Соглашаясь отнюдь не со всеми заключениями своего товарища, Павел Пестель был солидарен с Муравьёвым именно в этом вопросе: «Народ есть совокупность всех тех Людей, которые принадлежа к одному и тому же Государству, составляют Гражданское Общество имеющее целью своего существования, возможное Благоденствие Всех и каждаго <…> А по сему Народ Российский не есть принадлежность или собственность какого-либо лица или Семейства. Напротив того Правительство есть принадлежность Народа и оно учреждено для Блага Народнаго, а не Народ существует для Блага Правительства» («Русская Правда»).
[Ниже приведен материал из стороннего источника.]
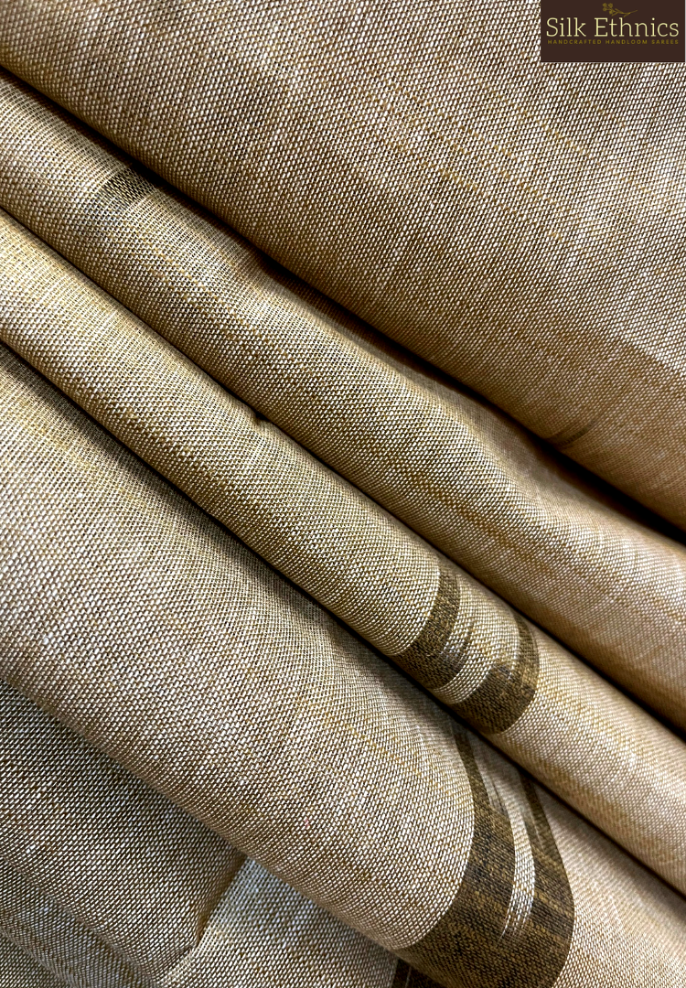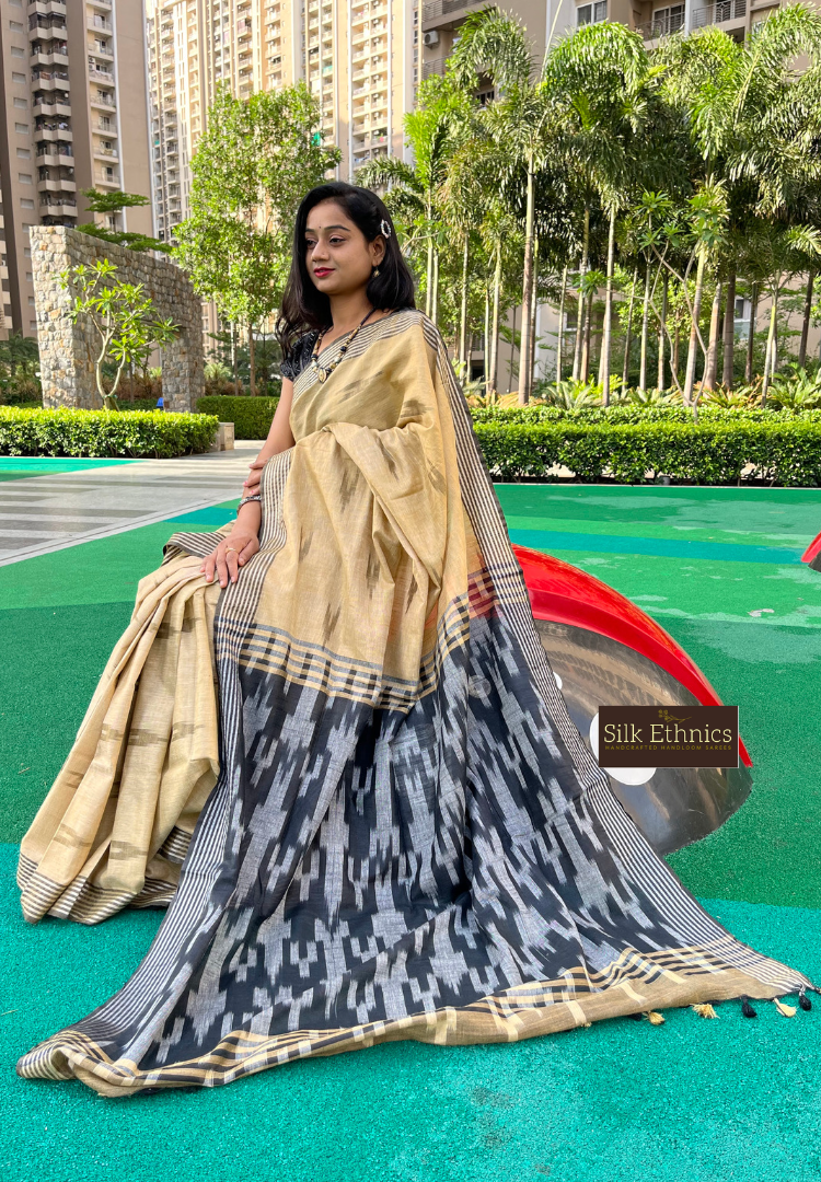Gold and black linen ikkat weaving saree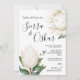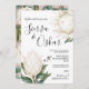 Make your wedding day truly special with this elegant invitation, featuring striking white protea flowers surrounded by lush greenery and delicate gum leaves. This design is perfect for an outdoor or native-inspired wedding, blending natural beauty with a sophisticated touch.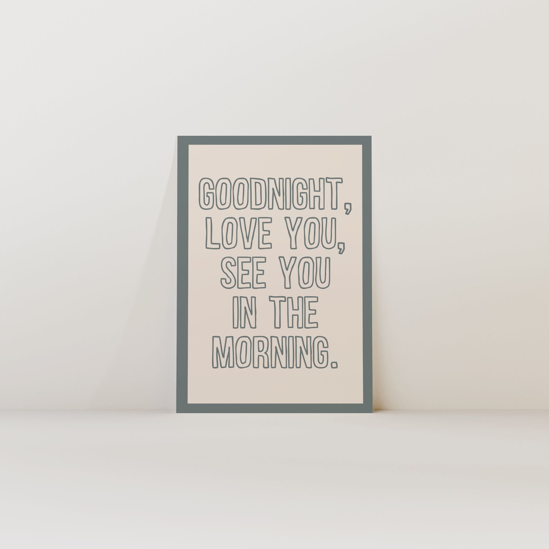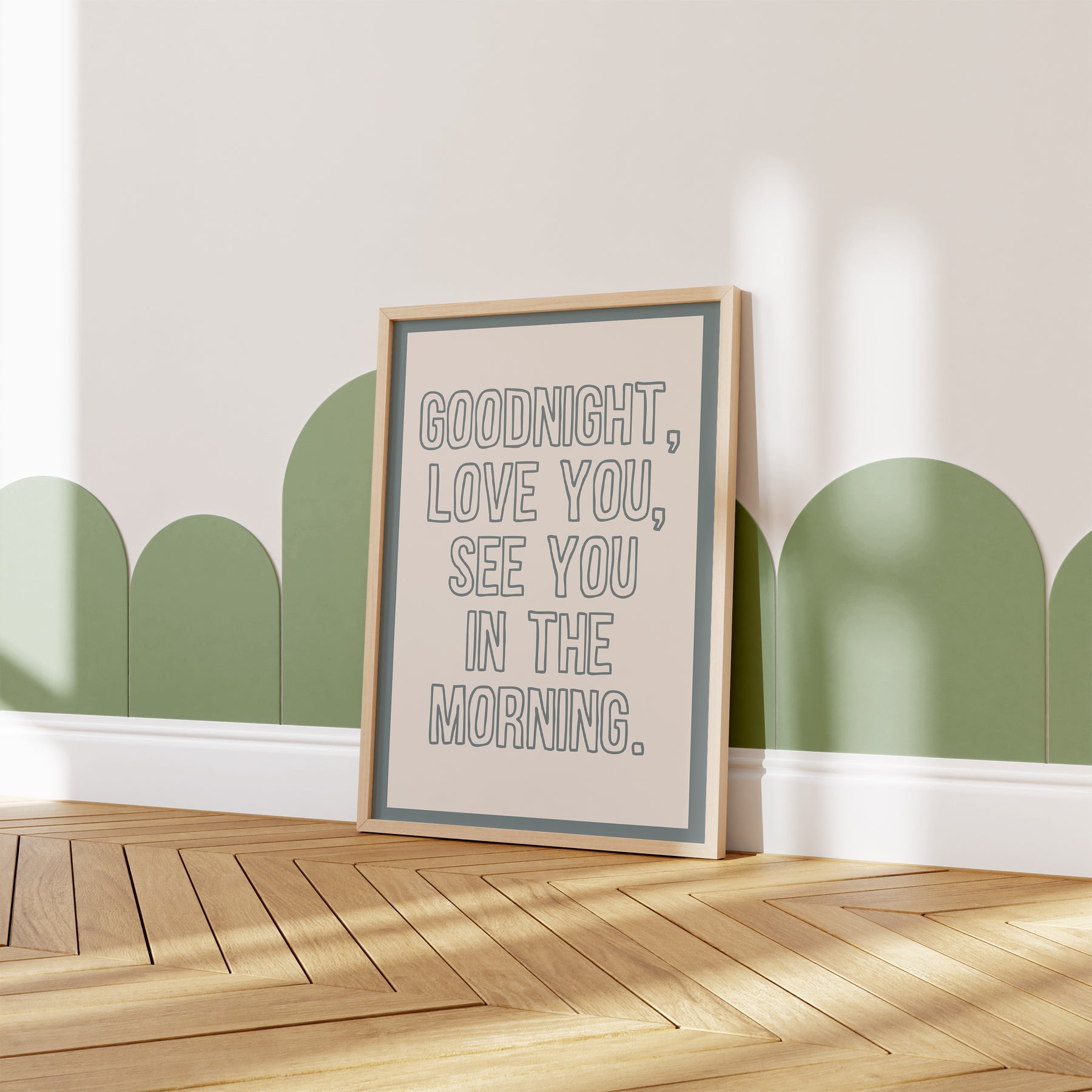 The KIKIANDNIM kids collection is rooted in uplifting our littles, celebrating the silly, and of course, bringing joy to parents and kids alike. The "Goodnight Love You See You in the Morning" print is perfect for a child's room or baby nursery!

Говоря коротко, в «Конституции» Пестеля ясно утверждается гегемония «коренного народа русского». Оспаривая тезис Н. Карамзина: «история народа принадлежит царю», идеологи движения провозглашали иной: «история принадлежит народам» (Муравьёв). Более того: русская история – это история свободного народа. Эта теза Муравьёва не только ставила под сомнение догмат российского абсолютизма, но признавала его гибельным для России. «Для Русского больно не иметь нации и всё заключить в одном Государе», – писал перед казнью П. Каховский Николаю I.
Но голос восставших был неслышен, а их мысли – недоступны Николаю. По свидетельству С. М. Соловьева, царь «инстинктивно ненавидел просвещение. <…> Он был воплощённое: “не рассуждать!”». Не случайно Московский университет в глазах Николая виделся «волчьим гнездом», от вида которого монарх, когда проезжал мимо, впадал в дурное расположение духа. Таковое «видение» отнюдь не святого Николая подтверждает академик Ф. И. Буслаев. Словом, концепцию “не рассуждать!” целиком и полностью разделяли «птенцы гнезда Николая».
Современный историк Н. А. Троицкий, много времени уделивший изучению «птенцов» – с уставом в мозгу, розгами в «клювике» и волчьими повадками в отведённой им сфере деятельности – пишет об одном из них: «Шеф жандармов А. Ф. Орлов, провожая за границу друга, наставлял его: «Когда будешь в Нюрнберге, подойди к памятнику Гутенбергу – изобретателю книгопечатания – и от моего имени плюнь ему в лицо. Всё зло на свете пошло от него». Николай I не давал таких напутствий, но в ненависти к печатному слову мог переплюнуть своего шефа жандармов. Самый дух николаевского царствования верно схвачен в реплике Фамусова из грибоедовского «Горя от ума»: «Уж коли зло пресечь, забрать все книги бы, да сжечь!» [35].
Итак, дворянская реформация была обречена.
Разгром декабристов, среди которых было немало героев Отечественной войны, казалось, надолго расставил все точки над «i». Подобрав на площади сотни изувеченных артиллерийским огнём трупов мятежников, режим ясно указал, кто является «отцом народа» и какими методами будут вестись переговоры с оппозицией. Дым от пушек на главной площади Петербурга развеялся, гарь в сознании русского общества осела страхом, но необходимость реформ государства по-прежнему висела в воздухе. Об этом свидетельствовало экономическое отставание России, в лице функционеров окончательно запутавшейся в синедрионах высшей светской и духовной власти. Положение дел в Стране усугубляли синекуры не в меру разросшегося и в охотку вороватого чиновничества. Однако решительность Николая, начавшись с «дыма декабря», эшафота и последующей казни, ограничилась каторгой и ссылкой противников застоя. Это был показательный урок для тех, кто, мысля и рассуждая вслух, осмеливался ещё и действовать.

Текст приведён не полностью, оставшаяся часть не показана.